(Input Opens)

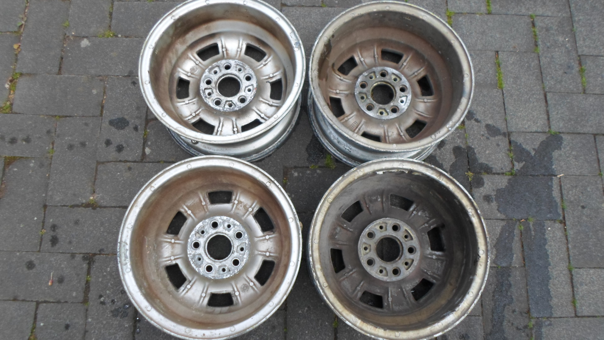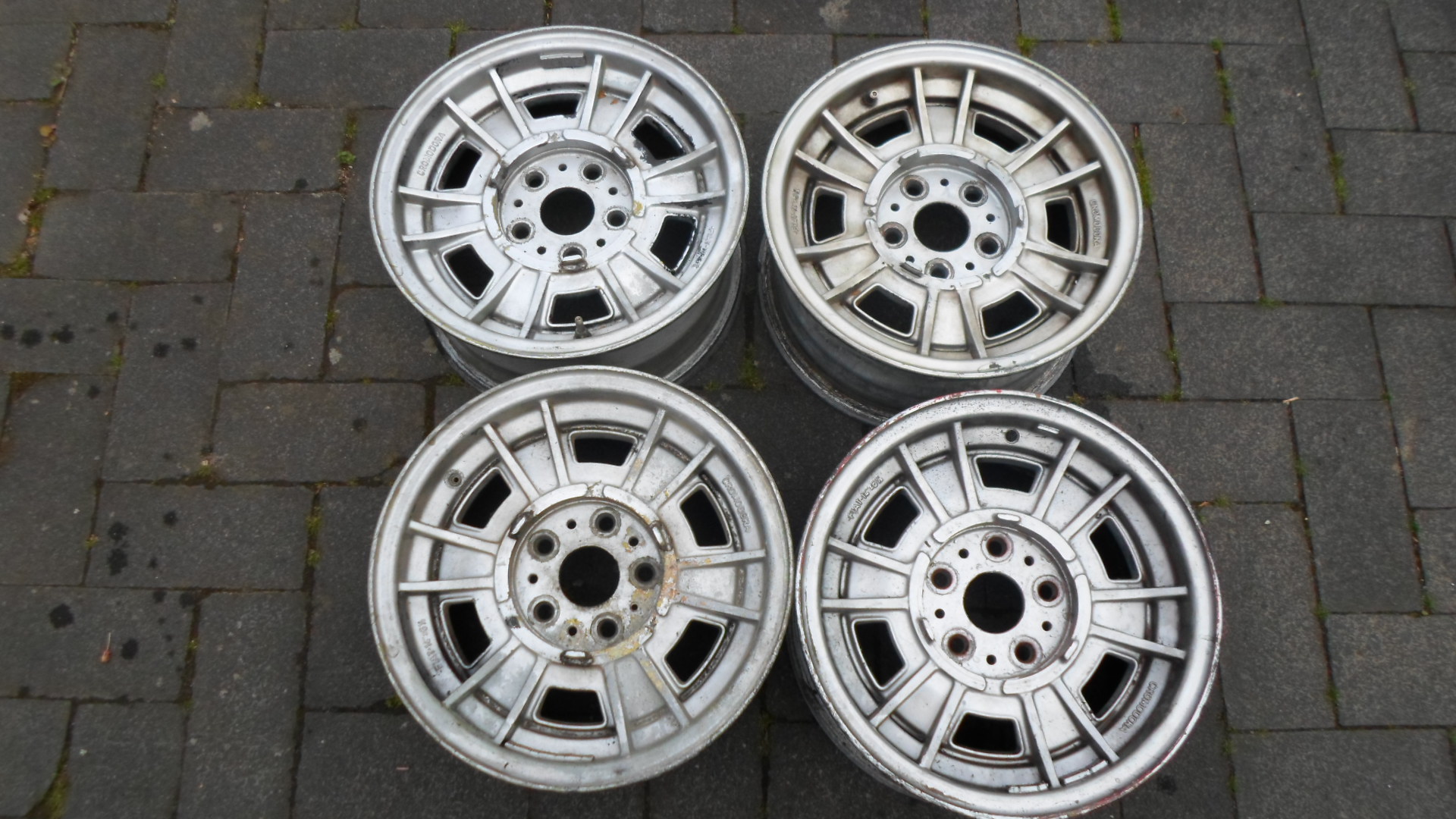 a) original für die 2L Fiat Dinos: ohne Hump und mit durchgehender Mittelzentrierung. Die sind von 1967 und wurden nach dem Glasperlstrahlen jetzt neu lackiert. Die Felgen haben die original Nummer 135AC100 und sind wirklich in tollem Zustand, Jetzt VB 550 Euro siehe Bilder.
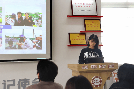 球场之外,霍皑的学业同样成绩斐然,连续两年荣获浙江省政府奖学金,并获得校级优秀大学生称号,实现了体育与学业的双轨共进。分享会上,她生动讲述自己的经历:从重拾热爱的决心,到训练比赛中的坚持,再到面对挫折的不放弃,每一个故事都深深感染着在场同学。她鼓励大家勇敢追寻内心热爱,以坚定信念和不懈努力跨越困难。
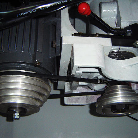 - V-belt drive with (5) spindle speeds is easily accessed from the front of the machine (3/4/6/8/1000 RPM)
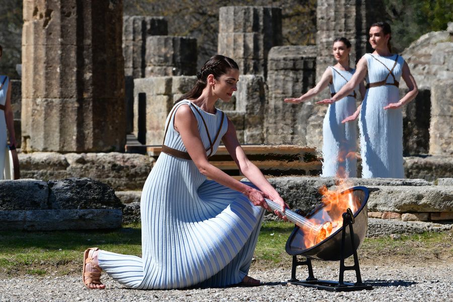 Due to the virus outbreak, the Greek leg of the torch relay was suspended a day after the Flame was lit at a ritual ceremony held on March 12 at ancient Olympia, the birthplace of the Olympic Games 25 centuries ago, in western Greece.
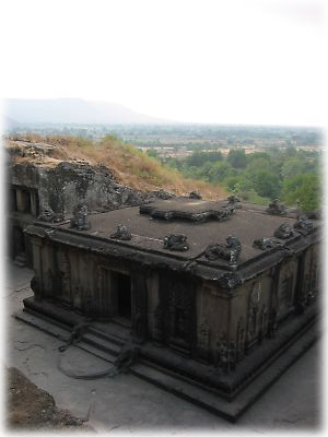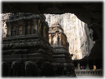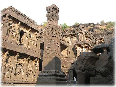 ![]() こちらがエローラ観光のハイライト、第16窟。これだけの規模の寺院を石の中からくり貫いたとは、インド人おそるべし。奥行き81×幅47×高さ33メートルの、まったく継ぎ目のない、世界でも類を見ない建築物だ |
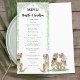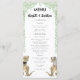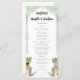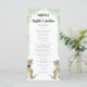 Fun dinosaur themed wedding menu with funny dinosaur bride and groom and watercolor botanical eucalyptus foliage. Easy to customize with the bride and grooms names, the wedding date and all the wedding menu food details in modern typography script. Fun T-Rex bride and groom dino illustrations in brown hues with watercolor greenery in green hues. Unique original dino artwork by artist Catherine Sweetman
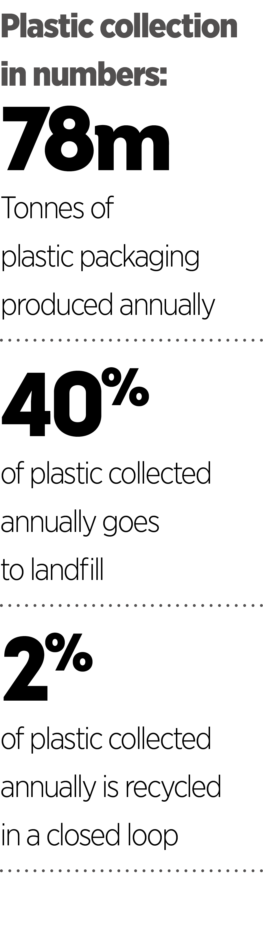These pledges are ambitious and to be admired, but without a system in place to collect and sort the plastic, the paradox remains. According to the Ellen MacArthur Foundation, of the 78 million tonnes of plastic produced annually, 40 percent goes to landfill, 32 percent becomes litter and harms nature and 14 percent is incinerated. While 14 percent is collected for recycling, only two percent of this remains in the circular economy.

(Input Closes)
(Input Opens)

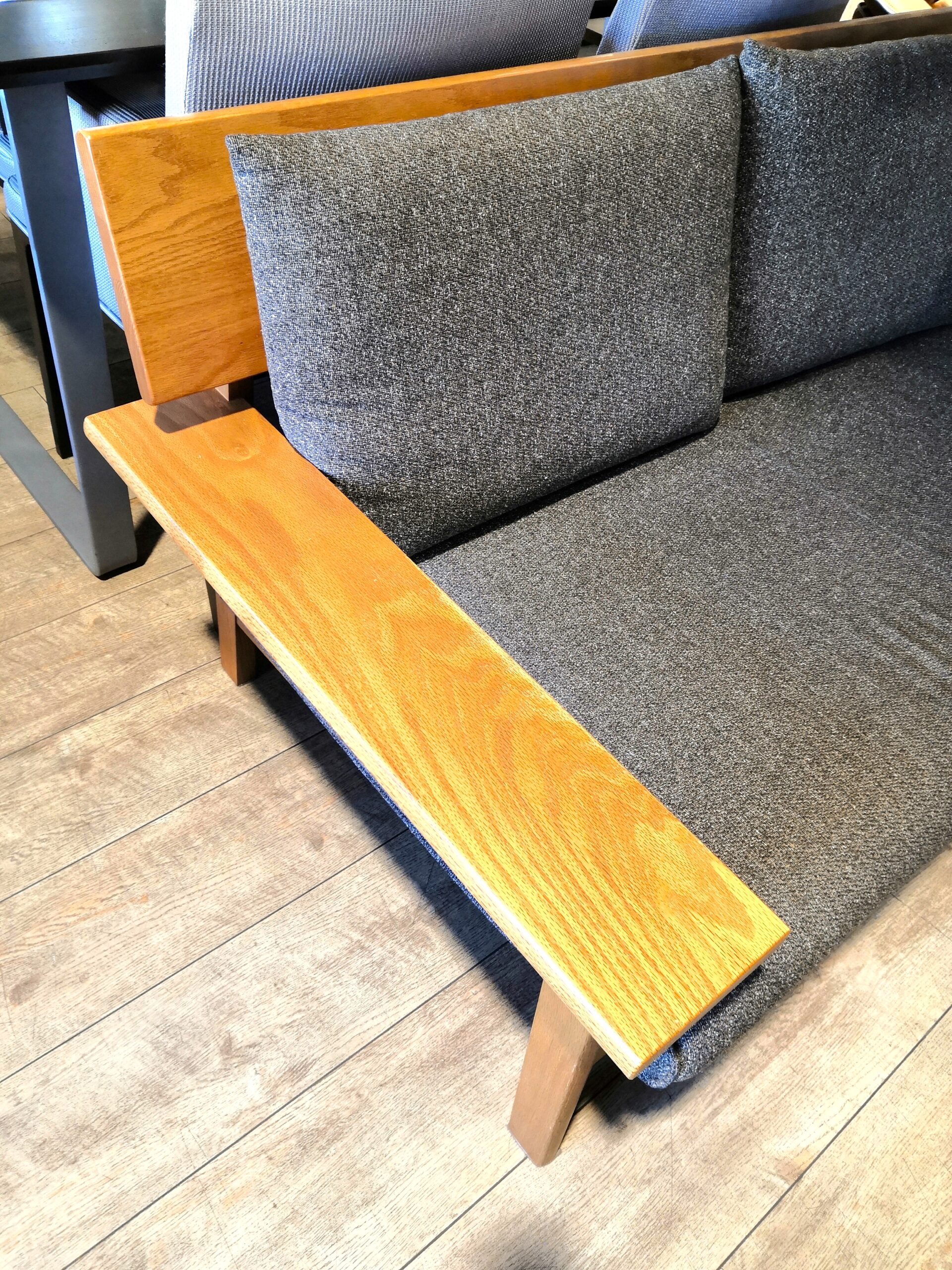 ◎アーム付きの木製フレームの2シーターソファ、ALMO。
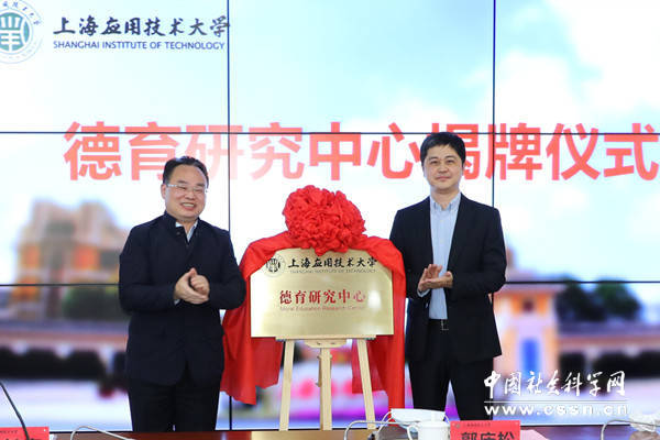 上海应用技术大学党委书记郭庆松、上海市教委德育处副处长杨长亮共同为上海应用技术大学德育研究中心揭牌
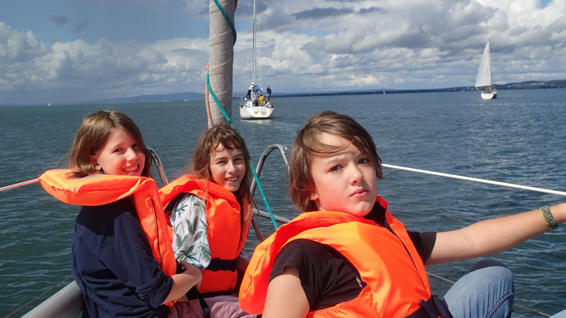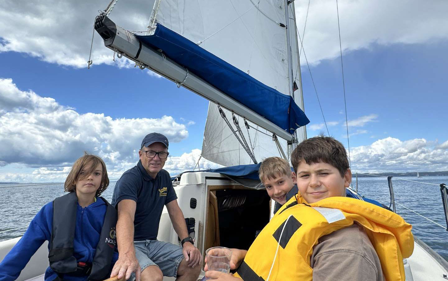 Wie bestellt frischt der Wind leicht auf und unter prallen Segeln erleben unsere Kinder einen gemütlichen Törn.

(Input Closes)
(Input Opens)

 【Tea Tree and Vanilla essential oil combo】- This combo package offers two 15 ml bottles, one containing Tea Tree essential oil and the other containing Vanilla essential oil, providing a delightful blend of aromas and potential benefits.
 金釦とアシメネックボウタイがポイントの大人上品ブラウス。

(Input Closes)

_Your assignment:_
Set down again, word for word, every line from the one with "球场之外,霍皑的学业同样成绩" to the one with "- V-belt drive" in the entries above, and omit the pictures.

_Solution for this task:_
 球场之外,霍皑的学业同样成绩斐然,连续两年荣获浙江省政府奖学金,并获得校级优秀大学生称号,实现了体育与学业的双轨共进。分享会上,她生动讲述自己的经历:从重拾热爱的决心,到训练比赛中的坚持,再到面对挫折的不放弃,每一个故事都深深感染着在场同学。她鼓励大家勇敢追寻内心热爱,以坚定信念和不懈努力跨越困难。
 - V-belt drive with (5) spindle speeds is easily accessed from the front of the machine (3/4/6/8/1000 RPM)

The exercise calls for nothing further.